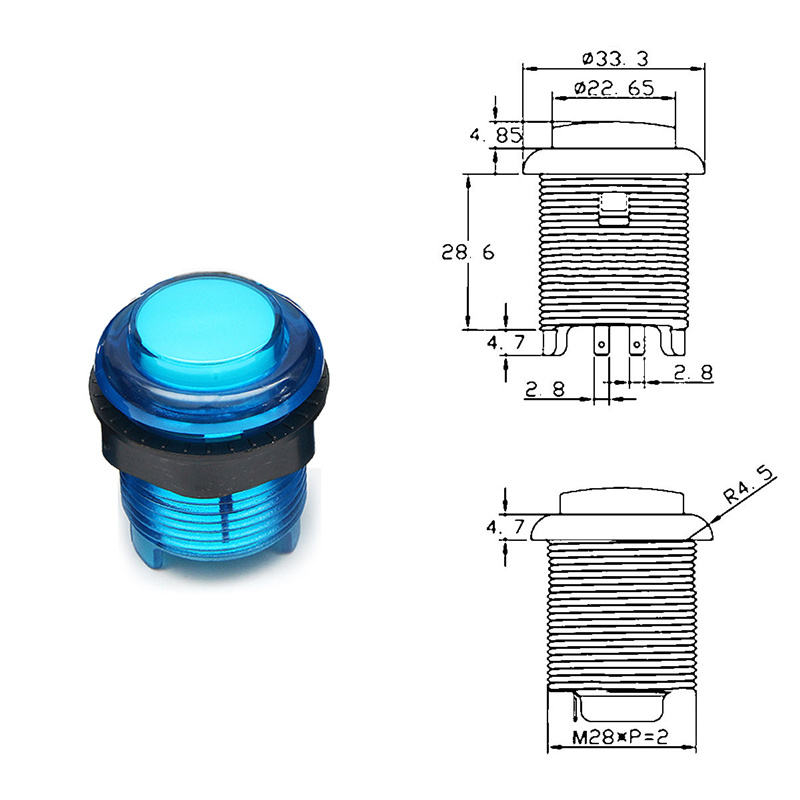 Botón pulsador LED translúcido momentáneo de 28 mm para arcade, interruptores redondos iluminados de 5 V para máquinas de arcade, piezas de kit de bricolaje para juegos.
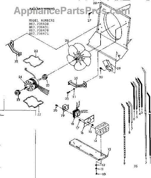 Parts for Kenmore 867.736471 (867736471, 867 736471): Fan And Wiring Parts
==
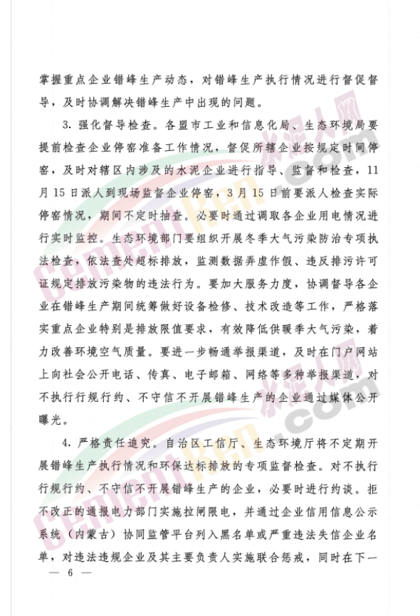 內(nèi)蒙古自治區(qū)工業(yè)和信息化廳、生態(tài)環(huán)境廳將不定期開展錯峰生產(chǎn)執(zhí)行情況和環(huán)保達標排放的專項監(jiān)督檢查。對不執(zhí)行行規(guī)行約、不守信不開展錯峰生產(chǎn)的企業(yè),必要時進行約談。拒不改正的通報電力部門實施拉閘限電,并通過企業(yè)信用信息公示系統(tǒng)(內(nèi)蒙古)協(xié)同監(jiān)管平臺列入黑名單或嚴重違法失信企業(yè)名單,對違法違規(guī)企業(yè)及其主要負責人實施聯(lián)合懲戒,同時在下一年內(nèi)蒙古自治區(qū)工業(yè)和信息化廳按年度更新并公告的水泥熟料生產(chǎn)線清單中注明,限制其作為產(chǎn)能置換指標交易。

__Your task__
With pictures excluded, reproduce exactly the lines above from the one containing "Botón pulsador LED" down to the one containing "Parts for Kenmore", those two included.

__Solution to the exercise__
 Botón pulsador LED translúcido momentáneo de 28 mm para arcade, interruptores redondos iluminados de 5 V para máquinas de arcade, piezas de kit de bricolaje para juegos.
 Parts for Kenmore 867.736471 (867736471, 867 736471): Fan And Wiring Parts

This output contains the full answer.